Mom, I kind of made it sound like you’re not doing anything which is definitely not true!! Thank you for taking care of me, for comforting me, for sleeping in my room at night (yes, I’m 30 and I asked my mommy to sleep with me when we first got here…I think the feeling of wanting your mom when you’re not well stays with you forever). Thanks for accompanying us everywhere, for the lunches and dinners and, well, just everything. Most importantly, thanks for putting everything on hold to come out here and be with me the next couple months. And sorry if I embarrassed you yesterday by wearing my “Willie’s Wee-nee Wagon” t-shirt to the clinic.
Let me explain. The shirt reads “Willie’s Wee-nee Wagon, We relish your bun”, and it’s from a delicious hot dog/sweet tea restaurant down in Georgia, near where my Aunt Ellie et al. live. Anyway, the shirt makes me laugh, so I wore it to the clinic. After the nurse (yup, nurses do the bone marrow aspirates and biopsies here!) did my bone marrow, he said “I just have to ask you one thing: where’d you get that shirt?”, so I explained, and he said that he liked it. Well, we just called right down to GA and Laurel said she’ll pick one up for us! He did such a wonderful job, and I think he’ll get a kick out of it.
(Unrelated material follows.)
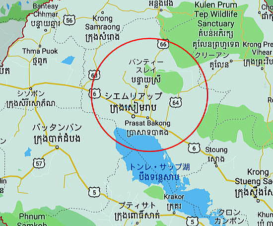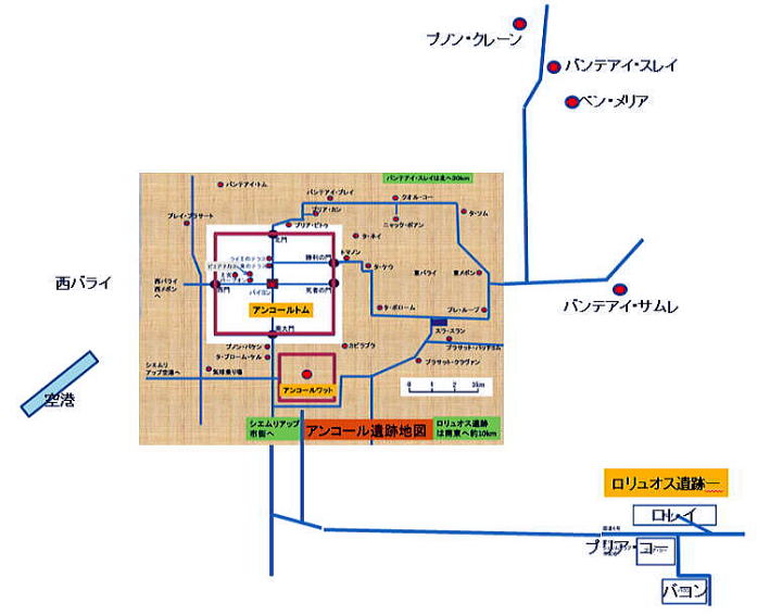 | アンコール遺跡全体目次 東南アジア巨大石造遺跡に魅せられて シエムリアップに行く1 シエムリアップに行く2 視察・見学の方法と注意 遺跡・寺院の概要・場所 <参考> カンボジア基礎知識 シェムリアップ基礎知識 博物館 クメール王朝について 創建順による遺跡・寺院 アンコール関連用語解説 クメール建築様式 アプサラとデヴァタ カンボジアの伝統工芸 以下にアンコール遺跡の概要と構成を紹介しておきます。 ◆アンコール遺跡の概要 アンコール遺跡は、以下の地図の赤〇内がカンボジアの北西部、トンレサップ湖北岸のシェムリアップの北側に位置するクメール王朝時代の遺跡群です。 ![]() 出典:グーグルマップ 1992年ユネスコの世界危機遺産に登録され、遺跡を中心とし修復に努めてきましたが、第二段階として2004年世界文化遺産に登録され、今まで危機遺産だった遺跡エリア(ゾーン1)の周りを取り囲むように、ゾーン2エリアを設定し全体で「アンコール遺跡公園」と命名されました。 コアな遺跡エリアの周りには、アンコールの広大な400万ヘクタールに及ぶ地域に、112の村、13万の住民、森、水田、放牧地が広がり、村人の生活、自然環境の保護、景観の維持に取り組んでいます。 出典「アンコール世界遺産エリア・ツーリストマネジメントプラン」 アプサラ・ナショナル・オーソリティ2012年12月 アンコール遺跡群は現在のカンボジア王国の淵源となったクメール王朝の首都の跡です。 この土地には、9世紀頃から数々の王宮建設が開始されました。この遺跡に特に大きく関わったとされるのはスーリヤヴァルマン2世(1113-1145年)とジャヤーヴァルマン7世(1181-1218年)といわれています。 スーリヤヴァルマン2世は特にアンコール・ワットの建設を行い、その死後30年ほど後に王に就いたとされるジャヤーヴァルマン7世はアンコール・トムの大部分を築いたとされています。 しかし、ジャヤーヴァルマン7世が崩御した後のアンコールはアユタヤ朝の進入を度々受けその存在を侵され始め、その後ポニャー・ヤット王はついにアンコールを放棄するに至ったのです。 ◆アンコール遺跡の構成 アンコール遺跡に含まれる主な遺跡は以下の通りです。 膨大の遺跡がありますが、以下の地図に示した遺跡は、そのなかでも比較的著名なものであり、それ以外にも多数の遺跡があります。また下の地図から数10km離れている寺院、遺跡もあります。 ここではアンコール遺跡の構成では、遺跡・寺院等の詳細の前に、その概要をと場所(位置)を紹介します。なお、遺跡、寺院等の名称などは総合目次と同じにしてあります。また、以下の地図は個別具体の遺跡、寺院等の頁の冒頭にも掲載しています。 ![]() アンコール遺跡地図 ![]() アンコール遺跡広域地図 ![]() ロリュオス遺跡地図 <中心部の寺院> ・アンコール・トム : 12世紀末-13世紀初頭、ジャヤーヴァルマン7世建立、仏教(観音菩薩)。 *バイヨン(アンコール・トム内) : 12世紀末、ジャヤーヴァルマン7世建立、仏教(観音菩薩)。 *象のテラス(アンコール・トム内) : 12世紀末、ジャヤーヴァルマン7世建立、仏教(観音菩薩)。 *ライ王のテラス(アンコール・トム内) : 12世紀末、ジャヤーヴァルマン7世建立、仏教(観音菩薩)。 *ピミアナカス(アンコール・トム内) : 10世紀末-11世紀初頭、スーリヤヴァルマン1世建立、ヒンドゥー教。 *プラサット・スゥル・プラット : 12世紀末、ジャヤーヴァルマン7世建立、仏教。 *クリアン : 11世紀初頭、ジャヤーヴァルマン5世、スーリヤヴァルマン1世建立、ヒンドゥー教。 *バプーオン(アンコール・トム内) : 1060年頃、ウダヤーディティヤヴァルマン2世建立、ヒンドゥー教、15世紀以降仏教。 ・プリア・パリライ : 12世紀前半、仏教。 *プリア・ピトゥ : 12世紀前半、ヒンドゥー教(シヴァ)。 ・アンコール・ワット : 1113-1145年頃、スーリヤヴァルマン2世建立、ヒンドゥー教(ヴィシュヌ)。 *プノン・バケン(アンコール・ワットとトムの間) : 900年頃、ヤショヴァルマン1世建立、ヒンドゥー教(シヴァ)。 *プラサット・バイ : ヤショヴァルマン1世建立、ヒンドゥー教(シヴァ)。 *バクセイ・チャムクロン : 947年、ハルシャヴァルマン1世(910-944年)、ラージェンドラヴァルマン2世(944-968年)建立、ヒンドゥー教(シヴァ)。 *トマノン (アンコール・トムの北東): 12世紀前半、スーリヤヴァルマン2世建立、ヒンドゥー教。 *チャウ・サイ・テヴォーダ : 12世紀前半、スーリヤヴァルマン2世建立、ヒンドゥー教。 *スピアン・トマ : 11世紀初頭 <東部の寺院> *プレ・ループ(アンコール・トムの東): 961年、ラージェンドラヴァルマン2世建立、ヒンドゥー教(シヴァ)。 *タ・ケウ(アンコール・トムの東) : 1000年頃、ジャヤーヴァルマン5世建立、ヒンドゥー教(シヴァ)。 *バンテアイ・サムレ : 12世紀中頃、スーリヤヴァルマン2世建立、ヒンドゥー教(ヴィシュヌ)。 *タ・プローム (アンコール・トムの東): 1186年、ジャヤーヴァルマン7世建立、仏教(観音菩薩)。 *スラ・スラン : 12世紀末、ジャヤ

Today they did a pulmonary function test on me to make sure my lungs are doing what they should be, and everything turned out well. On one of the tests, normal is 75%, and I got 62%, but she did a calculation to account for my anemia, and it came out to 80% or so. Go me! I was surprised by how tiring the tests could be because you really have to push your breath as best you can…I’d love to see how Michael Phelps performs on that machine!
Speaking of tests, I won’t get my bone marrow results until next week (Wednesday, I think). That’s pretty annoying because at home, I get the preliminary results the same night, and then the main results a day or two later. There are certainly some frustrations when dealing with such a large treatment center. I also don’t get my CBC (complete blood count) unless I ask for it, and I definitely can’t get it right away.
One great benefit of such a large medical center is the vast amount of resources they offer. My social worker asked if I would be interested in being matched with a volunteer in the area to help show us around and teach us about Seattle. Of course, I said yes! I found out today that I actually have two women who have been assigned to me. They are both in their thirties, they love doing outdoor activities, and…………..they have dogs!!! One of them has two pugs and the other has a lab/greyhound mix, if I remember correctly. I am so excited about meeting them, and I know they will help make our experience here special.
This has been another long one!!! I hope everyone is doing well. We have the weekend off, so hopefully I’ll be able to be out and about having fun new experiences and taking pics for you! I gotta enjoy every moment before treatment, right? Hope you enjoy the new pictures I put up!